Problem to solve → Below are some records. Retype exactly the lines from the one containing "解体した国産丸鶏 部位によってとれる量のバランスが異なります。" through the one containing "как выглядит Carters", both included, skipping every picture.

[Data items]
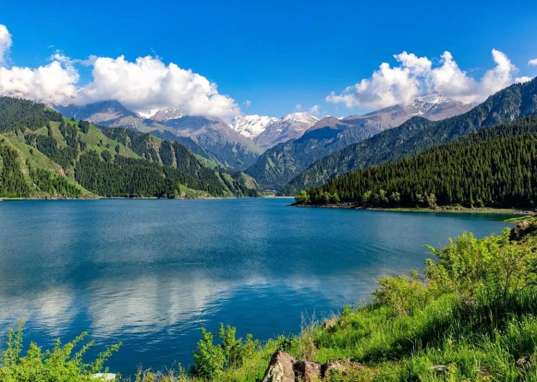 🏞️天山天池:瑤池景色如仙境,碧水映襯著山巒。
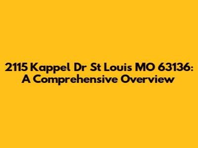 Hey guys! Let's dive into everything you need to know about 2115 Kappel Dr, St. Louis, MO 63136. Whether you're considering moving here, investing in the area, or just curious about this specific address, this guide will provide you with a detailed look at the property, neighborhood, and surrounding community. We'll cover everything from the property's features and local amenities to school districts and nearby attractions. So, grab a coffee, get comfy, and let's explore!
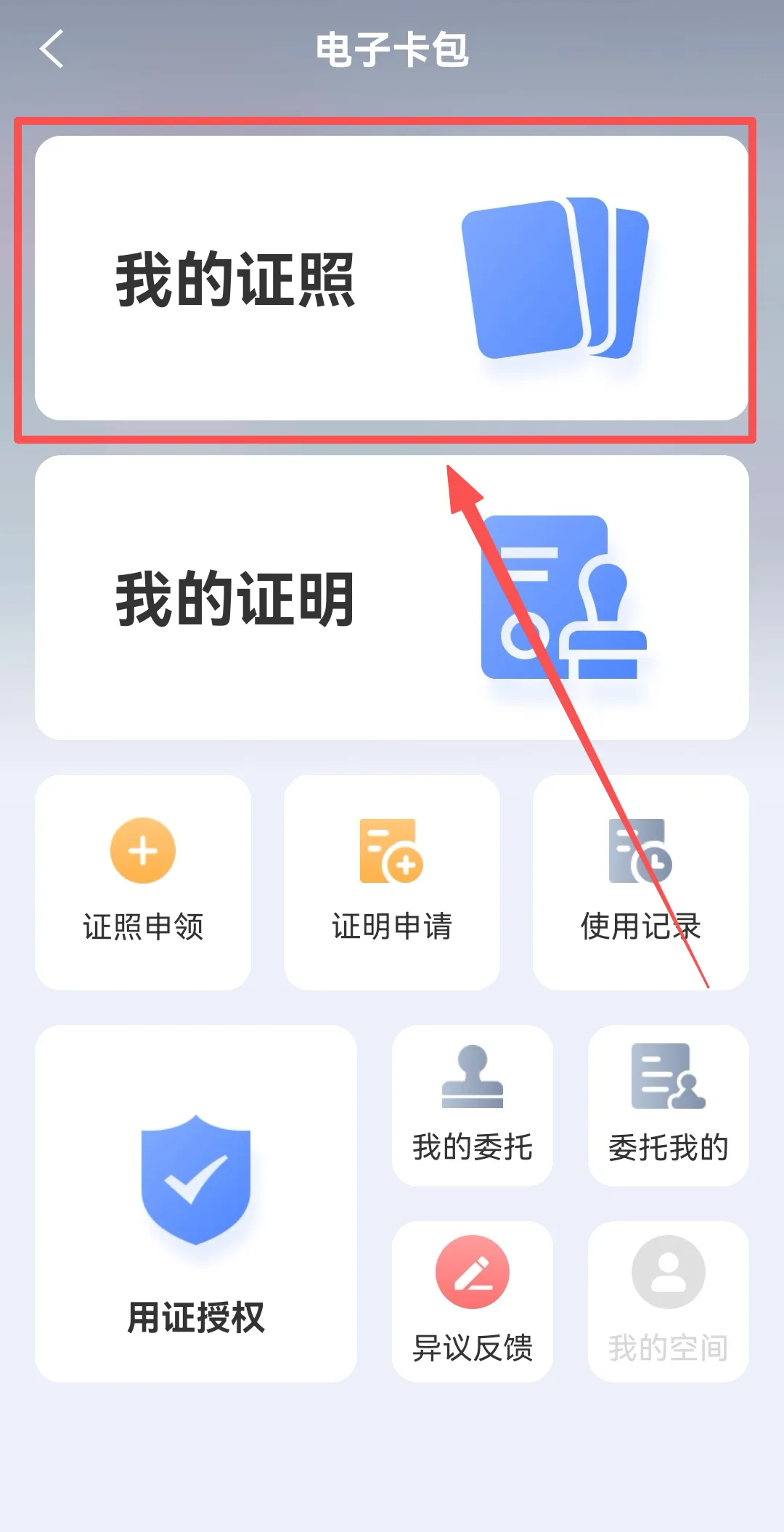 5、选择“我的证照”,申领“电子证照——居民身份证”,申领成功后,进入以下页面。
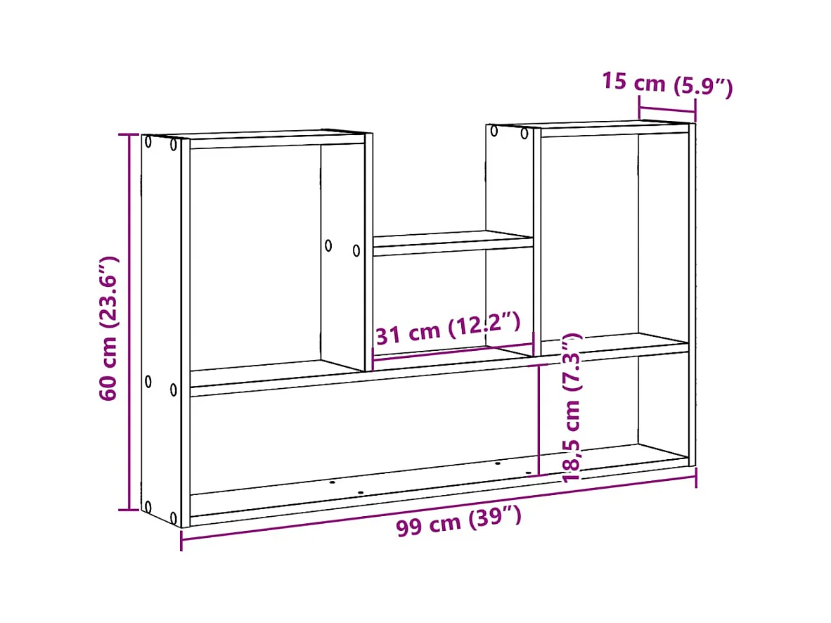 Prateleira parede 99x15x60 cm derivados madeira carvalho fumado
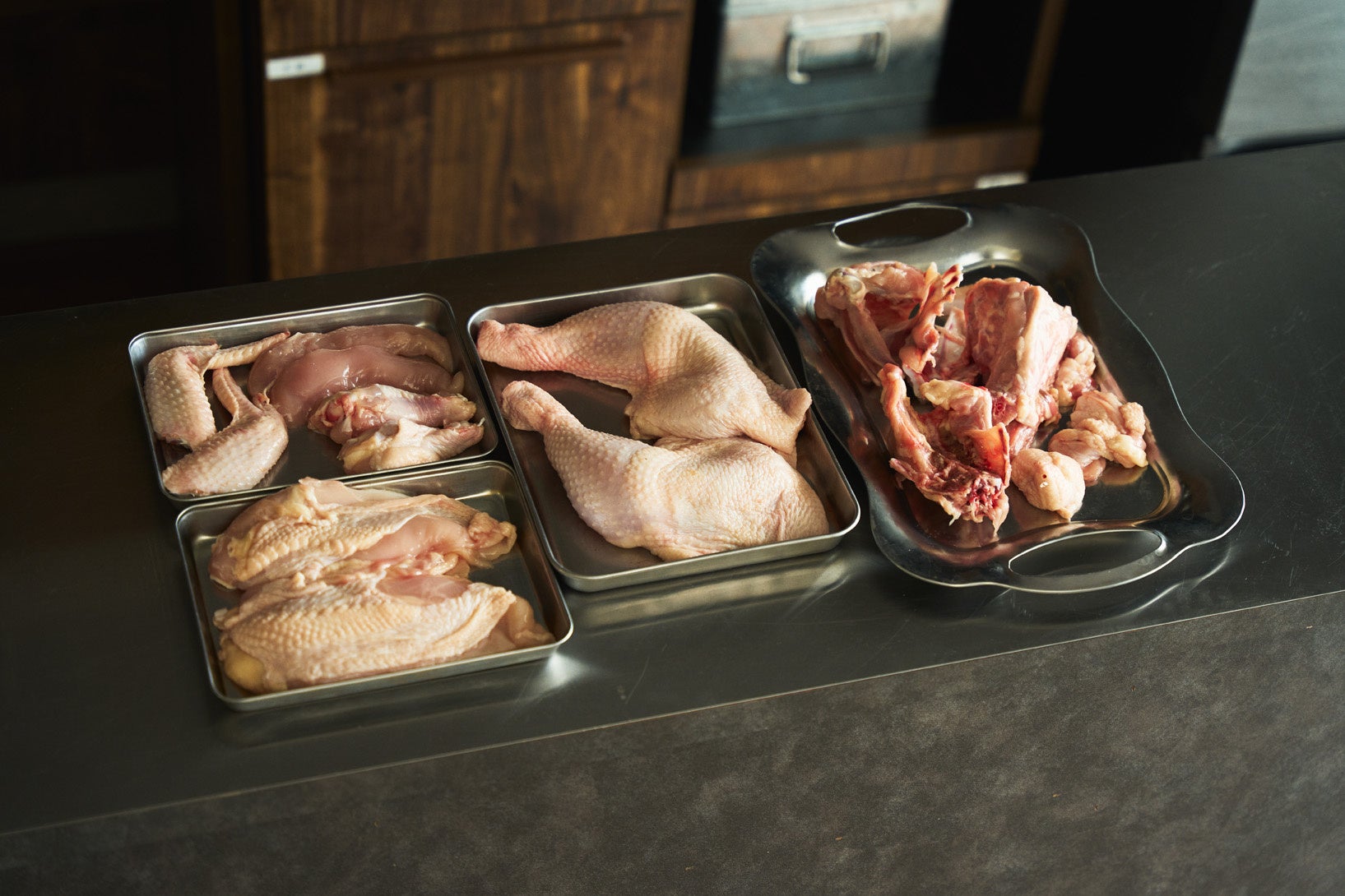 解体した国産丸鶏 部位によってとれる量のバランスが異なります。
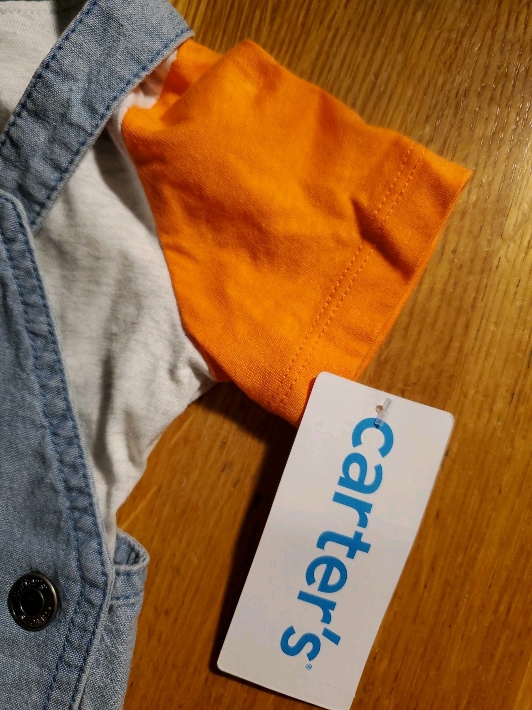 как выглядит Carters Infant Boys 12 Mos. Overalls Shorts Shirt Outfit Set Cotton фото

* * *

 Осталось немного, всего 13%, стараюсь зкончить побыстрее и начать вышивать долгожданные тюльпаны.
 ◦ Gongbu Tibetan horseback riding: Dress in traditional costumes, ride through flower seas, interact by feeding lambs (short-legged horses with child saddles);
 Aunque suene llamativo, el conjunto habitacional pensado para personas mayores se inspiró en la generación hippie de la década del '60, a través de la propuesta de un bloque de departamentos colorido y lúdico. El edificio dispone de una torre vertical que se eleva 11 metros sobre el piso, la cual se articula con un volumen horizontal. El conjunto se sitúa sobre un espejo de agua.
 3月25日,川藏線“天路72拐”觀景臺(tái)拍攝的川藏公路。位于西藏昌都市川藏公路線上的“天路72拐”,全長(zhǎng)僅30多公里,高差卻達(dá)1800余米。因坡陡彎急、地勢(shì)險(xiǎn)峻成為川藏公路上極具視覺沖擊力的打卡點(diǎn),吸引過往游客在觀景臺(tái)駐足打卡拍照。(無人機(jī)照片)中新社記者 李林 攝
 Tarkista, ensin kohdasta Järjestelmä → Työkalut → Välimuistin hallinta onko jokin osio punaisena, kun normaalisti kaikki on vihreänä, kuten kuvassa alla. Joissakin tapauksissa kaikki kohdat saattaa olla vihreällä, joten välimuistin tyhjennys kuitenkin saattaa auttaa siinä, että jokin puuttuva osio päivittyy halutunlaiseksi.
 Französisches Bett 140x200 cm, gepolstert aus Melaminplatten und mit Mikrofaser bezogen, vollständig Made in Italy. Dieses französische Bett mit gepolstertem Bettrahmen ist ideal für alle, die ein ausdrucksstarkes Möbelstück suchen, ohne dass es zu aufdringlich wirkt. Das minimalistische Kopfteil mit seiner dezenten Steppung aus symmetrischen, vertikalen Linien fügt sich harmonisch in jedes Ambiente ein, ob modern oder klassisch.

Result of the exercise →
 解体した国産丸鶏 部位によってとれる量のバランスが異なります。
 как выглядит Carters Infant Boys 12 Mos. Overalls Shorts Shirt Outfit Set Cotton фото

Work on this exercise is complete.